Frequently Asked Questions

Does this study prove that cannabis can treat depression?

No. This study was conducted entirely in mice and laboratory cell cultures. While the results suggest anti-inflammatory and behavioral effects in these controlled settings, the gap between preclinical findings and proven treatments for human depression is very large. No human subjects were involved, and the findings should not be taken as evidence that cannabis products can treat clinical depression.

What is THCA, and is it the same as THC?

THCA (tetrahydrocannabinolic acid) is the naturally occurring acid form of THC found in raw, unheated cannabis. Unlike THC, THCA does not produce the “high” associated with smoked or vaporized cannabis because it interacts with the body’s receptors differently. When cannabis is heated through smoking, vaping, or cooking, THCA converts to THC. The extract studied in this paper was THCA-dominant, meaning its pharmacology is distinct from the psychoactive THC most people are familiar with.

Should I start using cannabis products for my depression based on this research?

No clinical recommendation can be drawn from this study. If you are experiencing depression, you should work with your healthcare provider to explore evidence-based treatment options. Cannabis products have not been approved for the treatment of depression, and the preclinical nature of this research means we do not yet know whether these findings would translate to humans, what a safe or effective dose would be, or what side effects might occur.

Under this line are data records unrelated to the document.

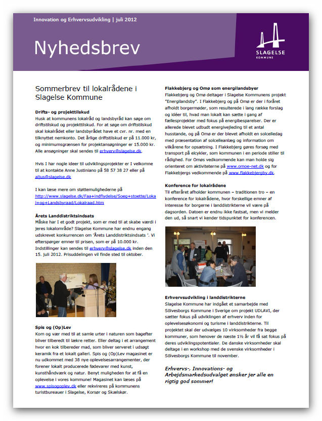 NYHEDSBREV Fra Kontaktudvalget for Lokalråd i Slagelse Kommune (KLR) 27. september 2010. I vores forrige nyhedsbrev beskrev vi problemerne med, at komme igennem til forvaltningen. Siden er det ikke gået meget bedre, og det har været vanskeligt at få sat program og dato på den kommende landdistriktskonference. Sidste år blev alle Lokalråd i kommunen inviteret til Landdistriktskonference i Frederikshavn arrangeret af Indenrigsministeriet, og således er vi også i år blevet inviteret til ministeriets Landdistriktskonference, denne gang til Karrebæksminde d. 17. og 18. september. Invitationen blev ikke formidlet ud fra Kommunen til alle lokalrådene, og det var lidt ærgerligt når nu konferencen blev placeret så tæt på vores område. Men der er lys forude – d. 10. september har KLR modtaget en mail fra vores tidligere kontaktperson, borgerkonsulent Anne Larsen Justiniano. Hun er nu placeret i afdelingen for Innovation & Erhvervsudvikling, og sidder fysisk på det gamle rådhus i Korsør – Anne har overtaget jobbet som forvaltningens kontaktperson for Lokalrådene. Allerede d. 20. september var KLR inviteret til møde med hende, for at få den kommunale Landdistriktskonference på skinner igen. Datoen er fastsat til d. 6. november i Gimlinge Forsamlingshus. Det foreløbige program i overskrifter er: Morgenkaffe og velkomst Indlæg om nye initiativer i kommunen, især fra Landudvikling Slagelse. Indlæg om Lokale Udviklingsplaner, herunder besøg / indlæg fra Røsnæs, der har udarbejdet en færdig udviklingsplan for hele ”næsset”. Frokost Generalforsamling i KLR.
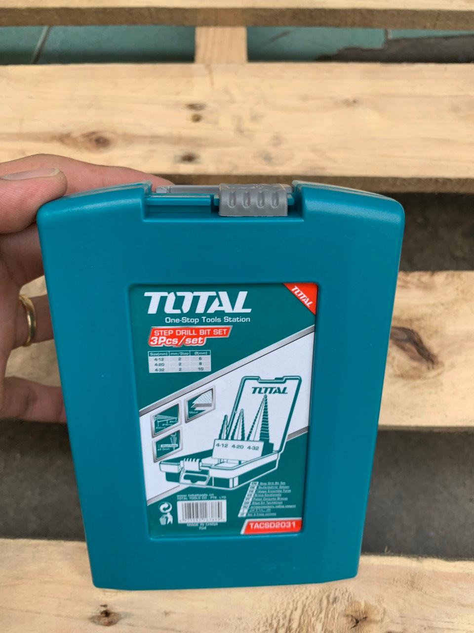 -Bộ 3 mũi khoan chóp nón gồm:1 pcs 4-12 mm, 1mm/bậc , đk đuôi: 6mm. 1 pcs 4-20 mm, 2mm/bậc , đk đuôi: 8mm
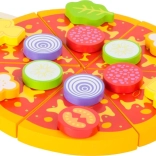 The pizza slices are connected with Velcro, allowing children to easily separate and reattach them.
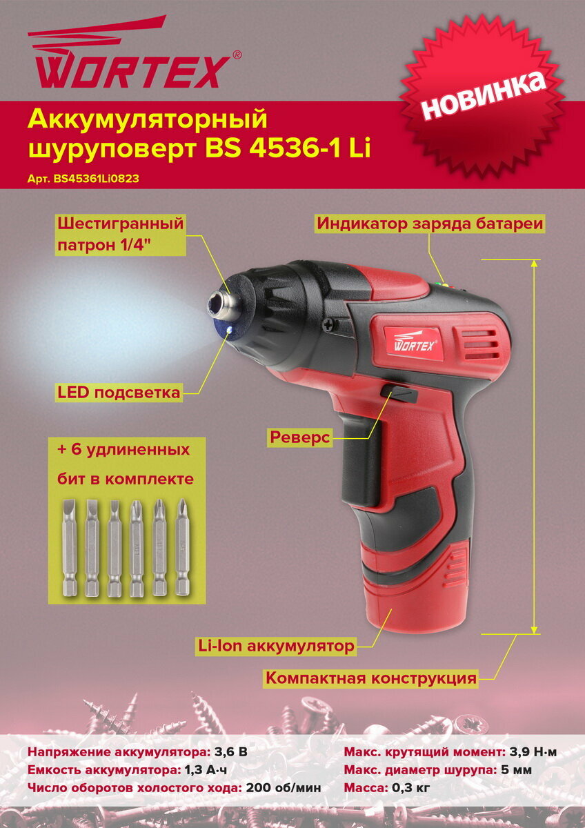 Отзывы на Аккум. шуруповерт WORTEX BS 4536-1 Li в блистере+ набор бит (1.3 А/ч Li-Ion, 1 скор., шурупы до 5 мм) (BS45361Li0823)
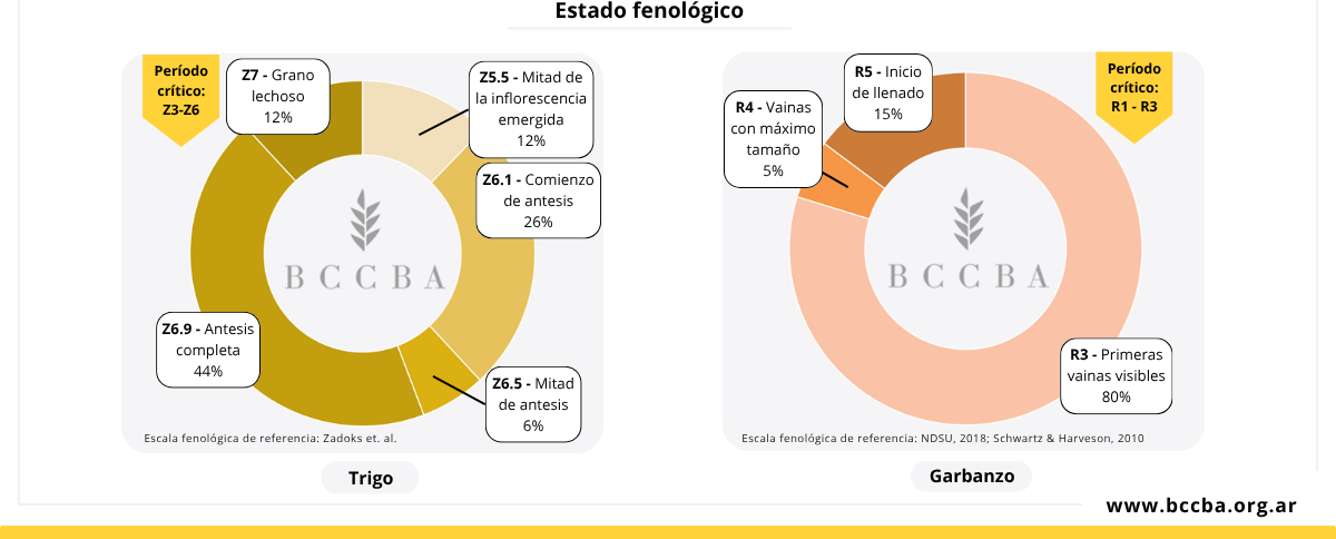 En conclusión, ambos cultivos presentan un estado sanitario general favorable, con enfermedades controladas y plagas bajo seguimiento. En trigo, la atención principal continúa sobre las chinches, peligrosas en la formación de granos, mientras que en garbanzo se deben mantener los monitoreos para prevenir nuevos focos de rabia, especialmente en lotes bajo riego o con antecedentes de alta presión de la enfermedad.

What is the “entourage effect” the researchers mention?

The entourage effect is a hypothesis suggesting that the various compounds in cannabis, including cannabinoids, terpenes, and flavonoids, may work together synergistically to produce effects greater than any single compound alone. While this idea is biologically plausible and frequently discussed in cannabis research, it has not been rigorously proven. In this study, the researchers used a whole-plant extract and attributed their results to the entourage effect, but they did not test individual compounds separately to confirm this.

What would it take for this kind of research to become clinically relevant?

Several steps would need to follow. Researchers would need to test multiple doses to establish a dose-response relationship, isolate individual compounds such as THCA and beta-caryophyllene to determine which ones are active, replicate findings in additional animal models of depression, conduct safety and toxicology studies, and ultimately perform controlled clinical trials in human participants. This process typically takes many years and the majority of promising preclinical compounds do not succeed in clinical trials.

References

  1. Cannabis sativa L. extract study. Plants 2024, 13, 1619. (Primary source article.)
  2. Dantzer R, O’Connor JC, Freund GG, Johnson RW, Kelley KW. From inflammation to sickness and depression: when the immune system subjugates the brain. Nature Reviews Neuroscience. 2008;9(1):46-56.
  3. Gertsch J, Leonti M, Raduner S, et al. Beta-caryophyllene is a dietary cannabinoid. Proceedings of the National Academy of Sciences. 2008;105(26):9099-9104.
  4. Rock EM, Kopstick RL, Limebeer CL, Parker LA. Tetrahydrocannabinolic acid reduces nausea-induced conditioned gaping in rats and vomiting in Suncus murinus. British Journal of Pharmacology. 2013;170(3):641-648.
  5. Russo EB. Taming THC: potential cannabis synergy and phytocannabinoid-terpenoid entourage effects. British Journal of Pharmacology. 2011;163(7):1344-1364.